=== DATA BLOCK ===
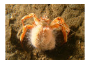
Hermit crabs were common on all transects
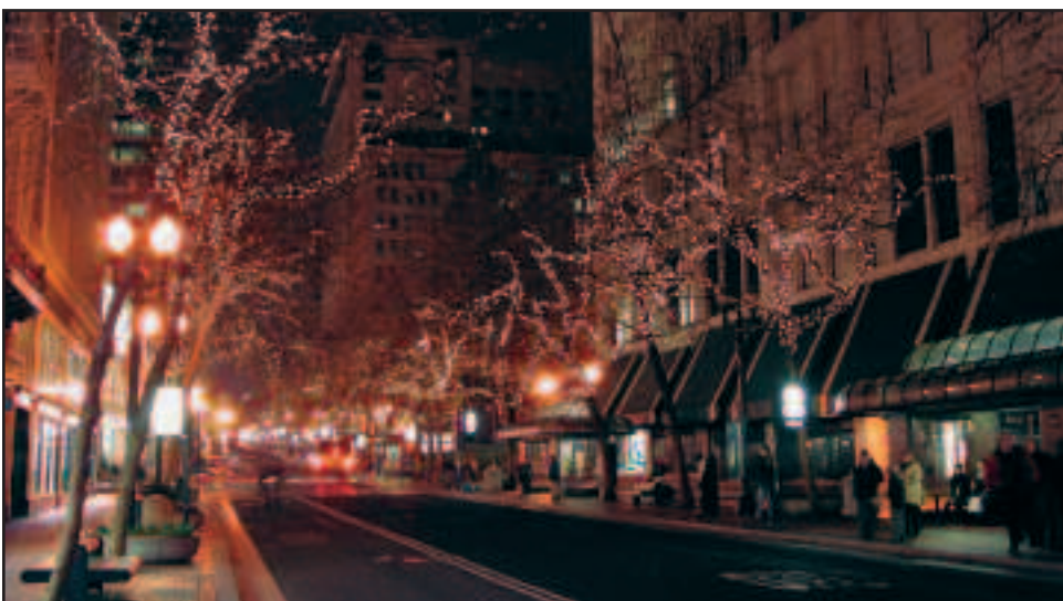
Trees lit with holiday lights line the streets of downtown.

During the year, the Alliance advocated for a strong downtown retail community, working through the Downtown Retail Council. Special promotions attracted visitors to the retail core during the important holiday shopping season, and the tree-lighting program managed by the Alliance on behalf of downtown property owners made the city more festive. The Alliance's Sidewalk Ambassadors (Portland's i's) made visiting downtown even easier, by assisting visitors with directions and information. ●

=== PROMPT ===
Please restate all of the listing above word for word, with no pictures.

=== RESPONSE AREA ===
Hermit crabs were common on all transects
Trees lit with holiday lights line the streets of downtown.

During the year, the Alliance advocated for a strong downtown retail community, working through the Downtown Retail Council. Special promotions attracted visitors to the retail core during the important holiday shopping season, and the tree-lighting program managed by the Alliance on behalf of downtown property owners made the city more festive. The Alliance's Sidewalk Ambassadors (Portland's i's) made visiting downtown even easier, by assisting visitors with directions and information. ●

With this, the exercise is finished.